What solutions can science and technology offer us?
The solution to this vicious circle is anything but simple. In the short term, one solution would be artificially reducing the aquifer level – essentially pumping water through brine pipelines out to sea. However, this infrastructure doesn’t currently exist, and developing it won’t be easy.
Over the longer term, we have to think up innovative technological solutions that will allow us to take advantage of that water and its nutrients. After all, it is quite paradoxical for us to remove the salts and nutrients from the water through conventional osmosis processes and then have to return many of those same nutrients for irrigation.
Within the framework of the collaboration agreement signed with the Massachusetts Institute of Technology (MIT), Ferrovial and Cadagua are studying the techno-economic feasibility of treating this groundwater by a combination of processes that will enable selective desalination. This would involve retaining the ions that are beneficial and necessary for plants in the irrigation water, such as calcium, magnesium, phosphate, sulfates, and of course, nitrates.
The process combines an initial stage of electrodialysis, which uses selective monovalent membranes, and a second stage that would treat the matter rejected in the first stage using electrodialysis with bipolar membranes. This way, we would obtain irrigation water that’s rich in nutrients and a by-product where unwanted ions like sodium and chlorides would be concentrated. This concentrated flow could even be used to manufacture caustic soda and other compounds that are of industrial interest.
The advantages of developing this technology would have multiple environmental and economic benefits:
- Every milligram of nutrients recovered from the aquifer is one milligram less that farmers have to use, which translates into saving money.
- The aquifer’s replenishment with new nutrients would clearly be reduced.

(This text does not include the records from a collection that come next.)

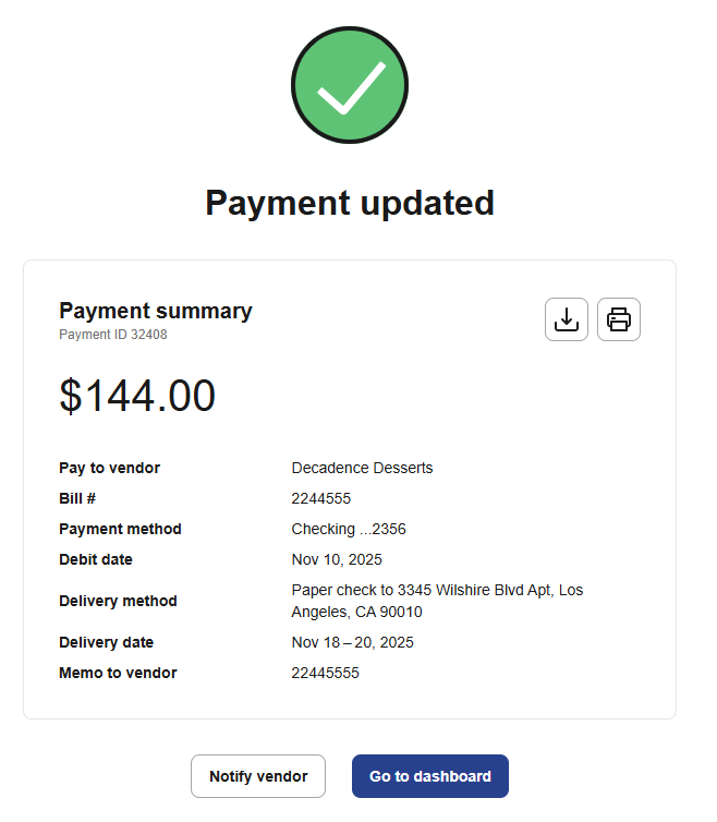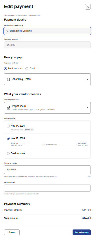 CashFlow Central lets you change your mind and edit the details of a payment even after you schedule it.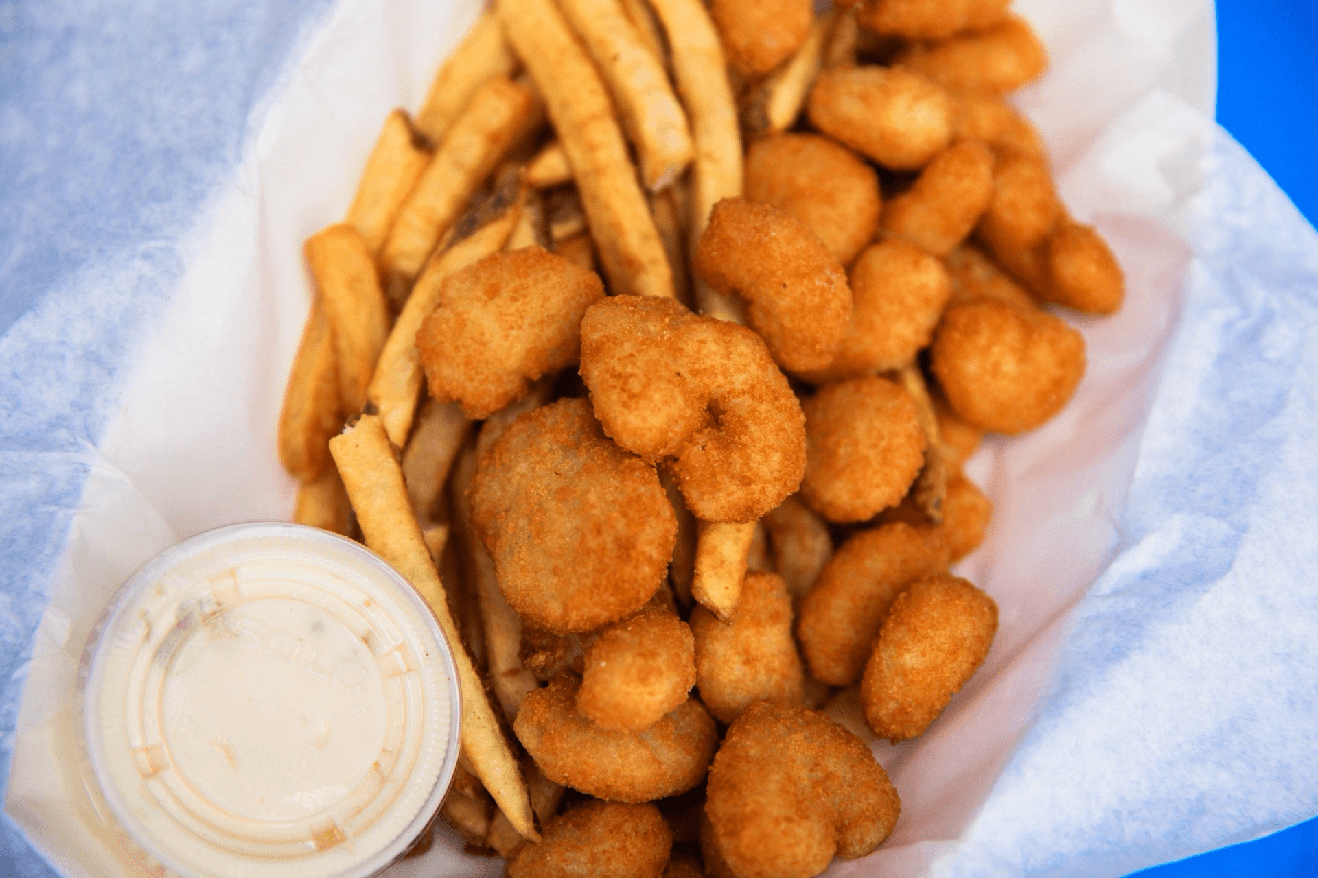 2 chicken fingers, 2 mozzarella sticks, 2 poppers & 4 wings. Comes w/marinara & hot sauce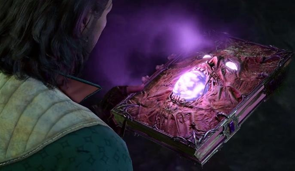 2、从后面的线索中玩家们可以得知,盖尔只吃亡灵书、德鲁伊林地的雕像、提尔神剑、鬼婆的法杖四种魔法物品,他可以从中获取力量变强。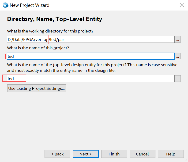 第一栏用于指定工程所在的路径;第二栏用于指定工程名,建议直接使用顶层文件的实体名作为工程名;第三栏用于指定顶层文件的实体名。这里设置的工程路径为D:/Data/FPGA/verilog/led/par文件夹,工程名与顶层文件的实体名同为led。文件名和路径设置完毕后,单击【 Next】按钮,进入下一个页面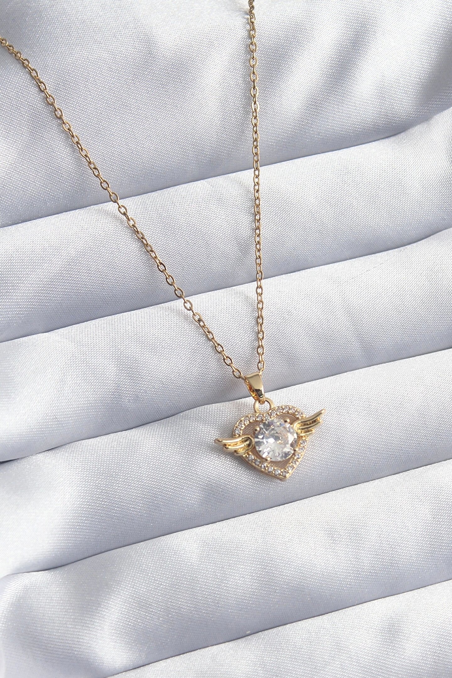 Clariss 316L Çelik Gold Renk Zincir Zirkon Taşlı Kalp Model Kadın Kolye

- That would make it possible to use the aquifer sustainably, thus aiming at achieving the necessary balance between its water table and that of Mar Menor.
- The proposed technology promises less energy consumption than the traditional alternative of desalination.

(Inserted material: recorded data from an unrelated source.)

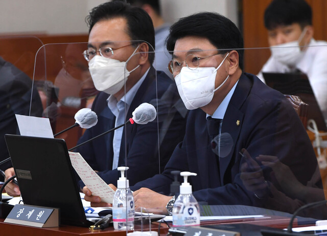 열린민주당 최강욱 의원이 6일 서울 여의도 국회 법제사법위원회에서 열린 ''윤석열 전 검찰총장의 고발 사주 의혹''과 관련한 현안 질의를 위한 전체회의에서 발언하고 있다. 연합뉴스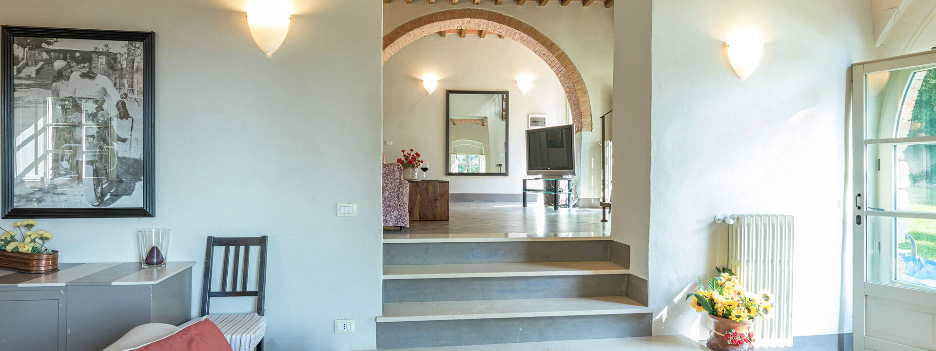 À côté de la ferme Linchiano, d'une superficie totale de 240 mètres carrés, se trouve la fascinante tour du XIIe siècle, 95 mètres carrés sur cinq niveaux. Au XVe siècle, la tour était habitée par le cartographe Paolo Toscanelli dal Pozzo, qui exerça une influence décisive sur la décision de Christophe Colomb de partir à la recherche des Indes orientales en naviguant vers l'ouest. A l'intérieur il y a une cuisine entièrement équipée avec cheminée, une chambre simple, un salon, une chambre double et une salle de bain avec douche, lavabo, WC et bidet. L'agencement sur différents niveaux est particulièrement fascinant.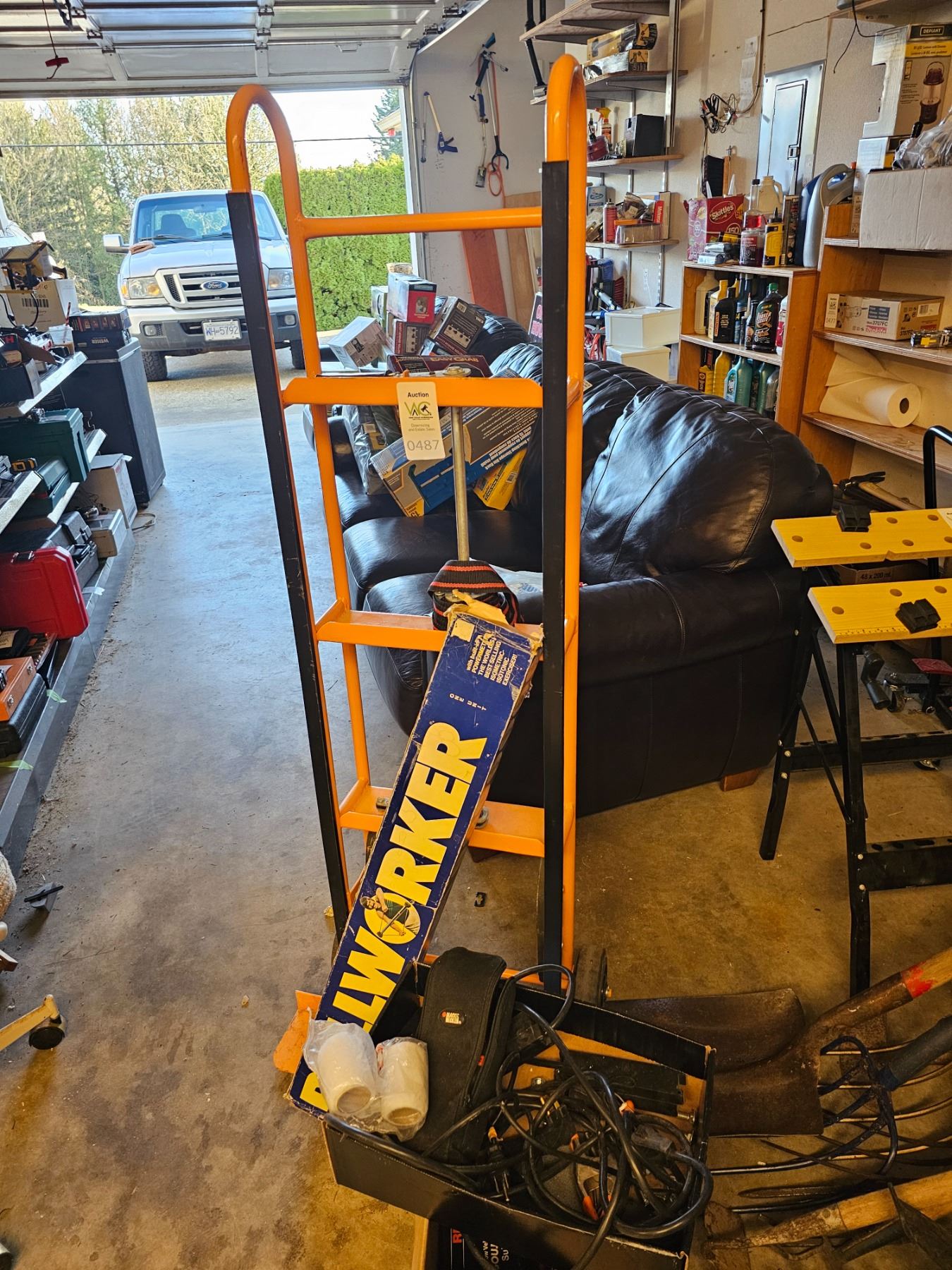 Heavy duty furniture dolly. Bull Worker, B&D Crosshairs laser level. Plus more. Pickup at 2 pm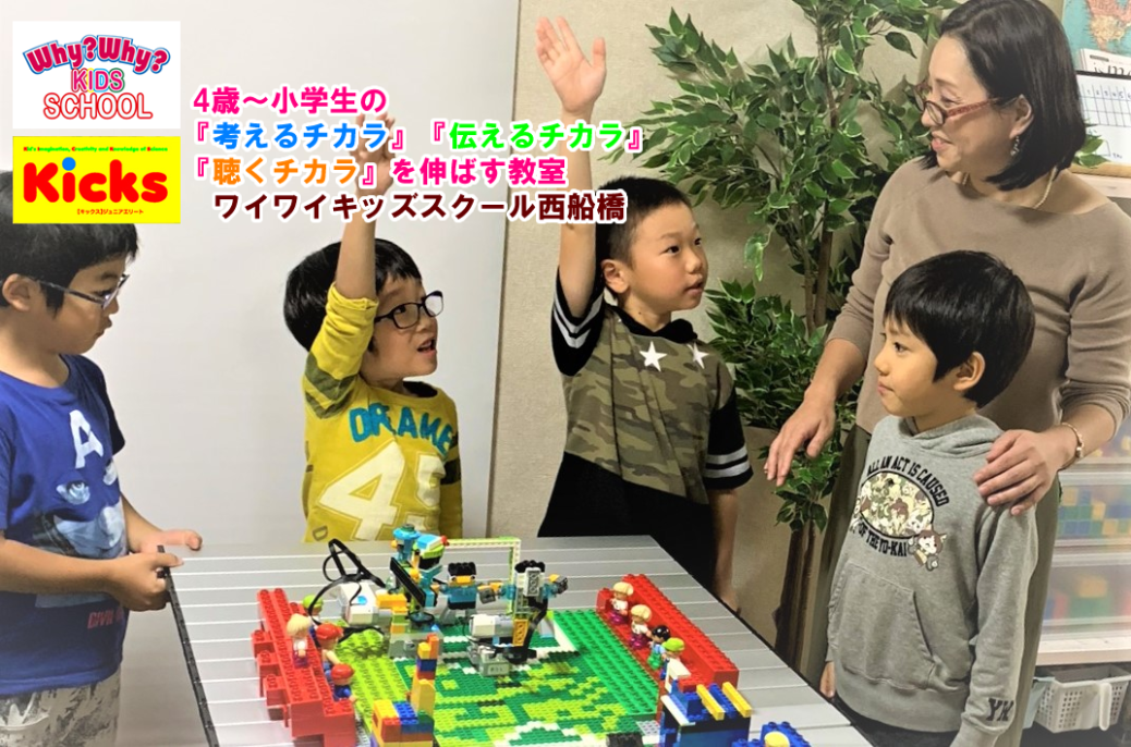 KICKS 西船橋校は、子どもがレゴ®ブロックに夢中になり、気づいた時には【考えるチカラ】が身についている、そんな仕掛けがたくさんのロボット教室です。授業を通して、学校や幼稚園では教わらない「考え方」や「伝え方」を身につけることができるようになります。

This innovative solution would be of interest in other areas of the peninsula where there is high agricultural pressure and a shortage of fresh water, such as in Almería, where there are more than 30,000 hectares of greenhouses.
Envisioning the solution to Mar Menor’s problem doesn’t seem easy in the short term. However, that doesn’t mean that we have to stop thinking about medium-and long-term solutions that are sustainable both for the environment and for society.